私、普通に日常で街を歩いていてボコボコ殴られたりしますからね。去年も殴られたし(笑)。そういう感触を映画で表現するんだったら、ああいう風に演出するしかない。喧嘩とか暴力って、はた目から見ると意外と滑稽に見えたりするんですよね」

―――奥田監督にとって暴力は常に重要なテーマだと思いますが、映画を撮り始めた頃に比べて、暴力に対する考え方は変わりましたか?

「暴力に対する考え方や撮り方は変わってないと思いますけど、人生に対する考え方は変わりましたね。私は人生上手く行かなかったので、より悲観的になりました。それによって作風が固くなりましたね。以前はもっと伸び伸び映画を撮っていたんですけど…。今は窮屈な映画を撮るようになっちゃったなと思います」

―――見方を変えれば、太い芯が通り、映画がより強固になったと言えるのではないでしょうか。

「いろんな意見を柔軟に取り入れるのが普通なのかもしれませんが、1人で考えに考えて、その結果、煮詰まって、自分の中で結晶化しちゃったんですよね。

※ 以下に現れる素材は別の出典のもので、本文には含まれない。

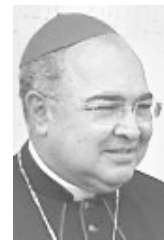
Orani João Tempesta, O.Cist. Arcebispo do Rio de Janeiro

それが良く映る人もいれば、拒否反応を示す人もいるでしょうね」

―――では『青春墓場』は、今までの作品の中でもっとも奥田監督のエッセンスが凝縮されていると言えるのでしょうか?

「最新作なので、自分の本質に一番近いのかもしれませんが、刷新されていきますからね。先ほどから申し上げているとおり、この映画は随分前に撮影したものなので、そこからまた二皮くらい剥けているので」

―――『青春墓場』には2019年の奥田監督のエッセンスが詰まっており、それは日々更新されていると。

「これだけ社会が変化していく中で生きていたら、価値観も変わりますから。まあ、根本は変わらないかもしれませんが。

例えば2019年にChatGPTが流行するなんて想像もつかなかったでしょう。さながら『攻殻機動隊』の世界ですよ。ゴーストみたいな存在が跋扈する世の中になったら、それこそ命とか人間ってどうなるんだろう。生きていたらどうしても考えざるを得ないですよね」

―――次回作は今仰ったような、奥田監督の現在の思考が表出される作品になるのかもしれませんね。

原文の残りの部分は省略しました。